[[ Dataset records open ]]

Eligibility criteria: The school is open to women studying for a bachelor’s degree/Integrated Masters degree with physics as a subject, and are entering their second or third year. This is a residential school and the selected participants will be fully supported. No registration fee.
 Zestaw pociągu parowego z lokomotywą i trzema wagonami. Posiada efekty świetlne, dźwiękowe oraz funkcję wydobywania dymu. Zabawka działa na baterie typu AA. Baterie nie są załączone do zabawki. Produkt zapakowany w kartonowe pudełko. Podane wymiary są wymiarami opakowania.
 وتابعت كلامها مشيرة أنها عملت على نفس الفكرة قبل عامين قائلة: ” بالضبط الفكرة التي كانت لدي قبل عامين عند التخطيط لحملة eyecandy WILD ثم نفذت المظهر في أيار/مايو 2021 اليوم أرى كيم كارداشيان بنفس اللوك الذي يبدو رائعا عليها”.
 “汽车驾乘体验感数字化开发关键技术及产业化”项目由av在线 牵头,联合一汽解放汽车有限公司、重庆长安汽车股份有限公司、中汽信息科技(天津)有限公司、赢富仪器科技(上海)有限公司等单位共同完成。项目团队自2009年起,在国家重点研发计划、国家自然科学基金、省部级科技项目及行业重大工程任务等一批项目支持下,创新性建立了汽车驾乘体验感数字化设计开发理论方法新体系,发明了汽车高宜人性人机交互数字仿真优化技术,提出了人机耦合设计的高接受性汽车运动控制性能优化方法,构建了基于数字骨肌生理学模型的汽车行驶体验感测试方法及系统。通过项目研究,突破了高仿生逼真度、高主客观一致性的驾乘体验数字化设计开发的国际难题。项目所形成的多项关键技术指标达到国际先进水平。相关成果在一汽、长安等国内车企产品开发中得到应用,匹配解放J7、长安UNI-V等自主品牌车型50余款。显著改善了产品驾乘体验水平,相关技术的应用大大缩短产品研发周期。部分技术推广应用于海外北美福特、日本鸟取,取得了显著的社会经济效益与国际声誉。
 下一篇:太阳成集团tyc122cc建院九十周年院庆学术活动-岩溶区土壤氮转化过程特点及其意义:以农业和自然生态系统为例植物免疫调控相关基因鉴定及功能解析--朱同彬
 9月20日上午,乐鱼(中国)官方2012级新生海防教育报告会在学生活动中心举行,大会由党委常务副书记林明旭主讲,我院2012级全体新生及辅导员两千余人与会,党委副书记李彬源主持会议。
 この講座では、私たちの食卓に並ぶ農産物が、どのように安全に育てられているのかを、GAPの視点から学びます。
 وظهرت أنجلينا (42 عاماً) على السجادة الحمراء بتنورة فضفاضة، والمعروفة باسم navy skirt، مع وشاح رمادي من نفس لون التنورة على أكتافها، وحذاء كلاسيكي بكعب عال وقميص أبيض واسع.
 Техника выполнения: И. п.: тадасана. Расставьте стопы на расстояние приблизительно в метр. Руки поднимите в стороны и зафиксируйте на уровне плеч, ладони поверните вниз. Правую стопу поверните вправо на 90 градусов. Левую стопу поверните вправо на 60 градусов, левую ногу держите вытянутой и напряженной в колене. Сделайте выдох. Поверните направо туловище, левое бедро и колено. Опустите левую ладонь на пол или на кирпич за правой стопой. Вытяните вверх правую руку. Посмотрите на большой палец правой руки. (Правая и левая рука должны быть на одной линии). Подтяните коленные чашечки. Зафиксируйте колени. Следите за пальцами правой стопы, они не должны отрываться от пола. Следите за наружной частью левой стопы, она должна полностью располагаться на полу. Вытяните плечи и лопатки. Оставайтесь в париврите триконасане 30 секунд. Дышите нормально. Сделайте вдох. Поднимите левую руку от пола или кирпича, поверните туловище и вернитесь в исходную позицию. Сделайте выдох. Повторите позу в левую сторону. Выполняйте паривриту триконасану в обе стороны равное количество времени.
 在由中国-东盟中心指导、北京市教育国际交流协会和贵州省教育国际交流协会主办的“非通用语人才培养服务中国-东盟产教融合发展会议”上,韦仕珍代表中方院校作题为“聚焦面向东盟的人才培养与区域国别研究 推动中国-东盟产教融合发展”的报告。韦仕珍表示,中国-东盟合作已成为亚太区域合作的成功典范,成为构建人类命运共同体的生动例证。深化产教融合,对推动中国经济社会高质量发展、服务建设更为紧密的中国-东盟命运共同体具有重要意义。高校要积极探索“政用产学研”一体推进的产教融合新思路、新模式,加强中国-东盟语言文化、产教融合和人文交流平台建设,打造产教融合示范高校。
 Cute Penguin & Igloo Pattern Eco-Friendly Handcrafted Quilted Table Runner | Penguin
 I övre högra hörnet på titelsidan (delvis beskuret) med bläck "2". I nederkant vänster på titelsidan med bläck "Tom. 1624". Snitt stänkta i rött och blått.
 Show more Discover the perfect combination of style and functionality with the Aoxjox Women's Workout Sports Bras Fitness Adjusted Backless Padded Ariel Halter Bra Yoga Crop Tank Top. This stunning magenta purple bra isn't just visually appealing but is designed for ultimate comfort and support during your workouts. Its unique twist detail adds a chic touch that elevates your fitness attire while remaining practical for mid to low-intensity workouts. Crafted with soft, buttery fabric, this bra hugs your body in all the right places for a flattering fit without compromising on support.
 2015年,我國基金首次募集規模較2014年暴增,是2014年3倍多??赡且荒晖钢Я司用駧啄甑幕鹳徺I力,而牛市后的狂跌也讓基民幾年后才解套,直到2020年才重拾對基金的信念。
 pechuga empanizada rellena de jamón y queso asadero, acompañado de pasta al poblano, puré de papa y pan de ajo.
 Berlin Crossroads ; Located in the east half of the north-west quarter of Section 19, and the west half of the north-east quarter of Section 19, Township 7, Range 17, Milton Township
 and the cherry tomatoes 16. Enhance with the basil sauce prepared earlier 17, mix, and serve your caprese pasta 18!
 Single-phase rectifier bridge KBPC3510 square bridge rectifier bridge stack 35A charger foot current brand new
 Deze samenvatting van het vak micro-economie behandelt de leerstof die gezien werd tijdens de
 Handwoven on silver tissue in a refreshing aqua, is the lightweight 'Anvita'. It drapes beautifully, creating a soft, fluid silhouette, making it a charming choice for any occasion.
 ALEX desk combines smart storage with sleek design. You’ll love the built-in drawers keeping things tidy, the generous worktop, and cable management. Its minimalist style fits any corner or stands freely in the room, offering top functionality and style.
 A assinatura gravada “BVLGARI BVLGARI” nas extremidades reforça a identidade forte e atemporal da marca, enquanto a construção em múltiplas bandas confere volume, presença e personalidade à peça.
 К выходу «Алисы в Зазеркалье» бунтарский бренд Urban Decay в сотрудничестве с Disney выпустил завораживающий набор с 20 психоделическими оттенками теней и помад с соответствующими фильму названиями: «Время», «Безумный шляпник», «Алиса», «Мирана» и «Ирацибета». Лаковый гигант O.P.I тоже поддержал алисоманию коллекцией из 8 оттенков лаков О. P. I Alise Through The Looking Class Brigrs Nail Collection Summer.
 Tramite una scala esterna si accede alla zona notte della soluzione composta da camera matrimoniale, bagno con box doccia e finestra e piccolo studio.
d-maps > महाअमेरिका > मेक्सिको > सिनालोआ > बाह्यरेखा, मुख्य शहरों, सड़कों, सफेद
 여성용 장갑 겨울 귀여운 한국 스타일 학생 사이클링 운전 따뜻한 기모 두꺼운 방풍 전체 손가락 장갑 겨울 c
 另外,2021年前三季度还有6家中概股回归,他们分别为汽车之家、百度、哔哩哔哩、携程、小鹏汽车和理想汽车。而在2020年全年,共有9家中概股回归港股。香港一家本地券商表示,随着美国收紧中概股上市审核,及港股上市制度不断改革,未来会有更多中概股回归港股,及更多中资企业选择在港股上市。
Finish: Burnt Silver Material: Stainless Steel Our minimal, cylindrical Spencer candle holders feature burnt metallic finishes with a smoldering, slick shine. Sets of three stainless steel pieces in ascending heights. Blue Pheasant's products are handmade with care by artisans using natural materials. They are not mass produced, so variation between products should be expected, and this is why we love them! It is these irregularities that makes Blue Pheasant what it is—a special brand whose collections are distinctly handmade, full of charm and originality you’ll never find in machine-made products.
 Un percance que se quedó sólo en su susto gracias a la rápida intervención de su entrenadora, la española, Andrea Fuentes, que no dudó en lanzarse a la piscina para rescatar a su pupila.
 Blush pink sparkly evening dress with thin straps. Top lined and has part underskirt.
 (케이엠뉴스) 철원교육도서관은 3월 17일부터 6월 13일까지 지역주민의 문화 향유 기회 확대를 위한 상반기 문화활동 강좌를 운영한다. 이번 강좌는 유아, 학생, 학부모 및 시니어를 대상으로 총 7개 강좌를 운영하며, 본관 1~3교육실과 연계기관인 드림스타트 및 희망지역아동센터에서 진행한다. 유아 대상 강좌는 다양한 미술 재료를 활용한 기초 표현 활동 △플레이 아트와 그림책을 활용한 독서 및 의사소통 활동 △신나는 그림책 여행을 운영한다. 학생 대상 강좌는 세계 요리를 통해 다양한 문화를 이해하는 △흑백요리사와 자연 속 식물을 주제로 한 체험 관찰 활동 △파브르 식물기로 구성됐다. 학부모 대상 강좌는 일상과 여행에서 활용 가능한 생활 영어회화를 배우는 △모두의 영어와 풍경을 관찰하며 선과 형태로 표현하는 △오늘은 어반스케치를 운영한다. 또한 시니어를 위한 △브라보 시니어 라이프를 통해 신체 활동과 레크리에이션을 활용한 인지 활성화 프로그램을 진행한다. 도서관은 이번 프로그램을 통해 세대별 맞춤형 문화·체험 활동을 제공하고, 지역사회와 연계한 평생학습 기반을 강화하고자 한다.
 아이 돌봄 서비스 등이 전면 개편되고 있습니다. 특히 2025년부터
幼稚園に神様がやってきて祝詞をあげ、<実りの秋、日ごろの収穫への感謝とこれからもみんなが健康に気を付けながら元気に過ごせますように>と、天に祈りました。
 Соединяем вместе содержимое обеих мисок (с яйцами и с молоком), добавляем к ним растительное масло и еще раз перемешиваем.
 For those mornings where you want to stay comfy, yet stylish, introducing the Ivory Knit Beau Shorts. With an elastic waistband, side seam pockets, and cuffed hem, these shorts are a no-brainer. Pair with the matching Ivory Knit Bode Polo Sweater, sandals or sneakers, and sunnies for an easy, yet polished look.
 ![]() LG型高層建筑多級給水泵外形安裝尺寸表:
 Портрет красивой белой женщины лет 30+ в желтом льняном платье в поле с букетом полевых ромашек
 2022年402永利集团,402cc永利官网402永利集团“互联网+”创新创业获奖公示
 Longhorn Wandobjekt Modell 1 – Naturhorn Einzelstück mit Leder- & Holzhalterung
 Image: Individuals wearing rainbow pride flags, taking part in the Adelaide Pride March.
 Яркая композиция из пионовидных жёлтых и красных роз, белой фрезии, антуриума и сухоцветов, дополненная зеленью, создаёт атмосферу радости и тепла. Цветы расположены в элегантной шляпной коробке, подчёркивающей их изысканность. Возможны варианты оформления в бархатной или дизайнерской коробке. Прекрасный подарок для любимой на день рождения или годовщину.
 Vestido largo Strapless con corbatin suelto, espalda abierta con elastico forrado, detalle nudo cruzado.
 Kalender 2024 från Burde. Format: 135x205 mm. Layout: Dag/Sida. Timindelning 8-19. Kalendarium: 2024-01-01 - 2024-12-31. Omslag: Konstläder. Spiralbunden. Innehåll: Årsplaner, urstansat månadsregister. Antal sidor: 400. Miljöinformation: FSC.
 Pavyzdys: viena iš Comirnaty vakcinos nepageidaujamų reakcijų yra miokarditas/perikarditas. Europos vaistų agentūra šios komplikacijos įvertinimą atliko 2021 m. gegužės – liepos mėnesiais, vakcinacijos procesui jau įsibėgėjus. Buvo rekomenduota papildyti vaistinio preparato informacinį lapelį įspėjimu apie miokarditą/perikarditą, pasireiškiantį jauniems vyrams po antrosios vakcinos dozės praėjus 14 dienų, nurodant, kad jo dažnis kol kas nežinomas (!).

[[ Dataset records closed ]]

| What to produce |
Reproduce precisely, and with no line left out, each line from the top of the entries through the line that carries "Zestaw pociągu parowego".

| Your solution |
Eligibility criteria: The school is open to women studying for a bachelor’s degree/Integrated Masters degree with physics as a subject, and are entering their second or third year. This is a residential school and the selected participants will be fully supported. No registration fee.
 Zestaw pociągu parowego z lokomotywą i trzema wagonami. Posiada efekty świetlne, dźwiękowe oraz funkcję wydobywania dymu. Zabawka działa na baterie typu AA. Baterie nie są załączone do zabawki. Produkt zapakowany w kartonowe pudełko. Podane wymiary są wymiarami opakowania.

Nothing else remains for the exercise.